Title
Building an electron dimer molecule with light
Author
Massimo Rontani, CNR-NANO S3, Email: massimo.rontani@nano.cnr.it
Coworkers
Achintya Singha and Vittorio Pellegrini (CNR-NANO NEST and Scuola Normale
Superiore, Pisa);
Aron Pinczuk (Dept of Applied Physics & Applied Mathematics and of Physics,
Columbia University, New York);
Loren N. Pfeiffer and Ken W. West (Dept of Electrical Engineering, Princeton
University, and Bell Labs, New Jersey)
Abstract
We measure the quantum state of two electrons inside a semiconductor quantum dot in
which the number of confined electrons is tuned by optical illumination. The two
interacting electrons form a molecular dimer---similar to a diatomic molecule---and
hence vibrate at the frequencies of the normal modes of the molecule. By comparing the
spectrum of light scattered by the electrons with that predicted by exact-diagonalization
calculations we identify the breathing mode of the molecular dimer.
Text
Two electrons have been trapped within an area of a few nanometers inside a
semiconducting crystal nanostructure---a quantum dot. Their peculiar quantum state,
which is known as an ‘electron molecule’ being very similar to that of a diatomic
molecule, has been measured for the first time by a team involving scientists from CNRNANO (NEST and S3 centers in Pisa and Modena, respectively), Columbia University,
and Bell labs.
This result has been obtained by employing a new technique to control the number of
electrons in the quantum dot: one may add or remove electrons one by one from this
‘nano-trap’ by shining light on it by means of a laser beam (see Fig. 1 for a pictorial
representation). Such precise method has made possible to single out just two electrons as
well as to measure the energy of their excitations. Theoretical calculations have clarified
that the motion of the two electrons inside the dot has a vibrational character, being
analogous to the one observed for the atoms of a diatomic molecule [1].

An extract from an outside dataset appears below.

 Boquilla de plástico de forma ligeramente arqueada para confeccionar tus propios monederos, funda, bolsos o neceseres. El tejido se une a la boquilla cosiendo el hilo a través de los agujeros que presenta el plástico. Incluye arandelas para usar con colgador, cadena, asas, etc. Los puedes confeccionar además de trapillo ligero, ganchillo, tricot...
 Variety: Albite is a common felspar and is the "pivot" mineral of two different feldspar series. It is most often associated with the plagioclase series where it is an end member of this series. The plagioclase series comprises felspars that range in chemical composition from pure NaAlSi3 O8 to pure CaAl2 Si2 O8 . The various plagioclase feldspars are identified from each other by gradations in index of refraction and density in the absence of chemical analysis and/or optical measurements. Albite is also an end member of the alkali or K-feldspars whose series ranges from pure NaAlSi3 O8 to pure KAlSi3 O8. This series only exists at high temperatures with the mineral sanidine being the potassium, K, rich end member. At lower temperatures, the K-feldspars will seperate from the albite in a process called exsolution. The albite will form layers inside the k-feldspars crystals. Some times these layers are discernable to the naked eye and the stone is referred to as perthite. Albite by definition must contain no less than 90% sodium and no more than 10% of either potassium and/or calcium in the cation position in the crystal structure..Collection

Electrons confined in quantum dots are important candidates for quantum computation:
one challenge is their precise manipulation. Usually this is achieved by electrical control.
Hower, in order to attach electric contacts to the quantum dot one has to cover the crystal
nanostructure with metallic layers. The new technique has the same ability to inject single
electrons but it is not invasive. In fact, manipulation by means of light does not affect the
crystalline structure, allowing for the study of the inherent properties of the electrons
inside the dot (Fig. 2). In contrast to previous optical experiments [2,3], it is now possible
to consider the most simple interacting system, which is made of two electrons.

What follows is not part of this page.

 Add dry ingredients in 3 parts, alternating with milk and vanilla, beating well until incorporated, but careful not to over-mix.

The electron molecule state was theoretically predicted but never directly measured so
far. The motion of the electrons is ruled by the competition between two opposite effects:
the repulsion between like electric charges tends to keep electrons far apart whereas the
quantum confinement of the nanostructure tends to make them stay close. The overall
result is that the two electrons oscillate in a classical vibrational motion, as if they were
connected by a spring. This study is the first measure of the fundamental frequency of the
vibrational mode of the electron molecule.
Figure 1. Pictorial representation of the experiment: The frequencies of the vibrations of
an electron molecule inside a quantum dot are measured by shining laser light on the dot
and then collecting the scattered light. The number of electrons inside the quantum dot is
controlled by tuning the intensity of a second independent laser beam.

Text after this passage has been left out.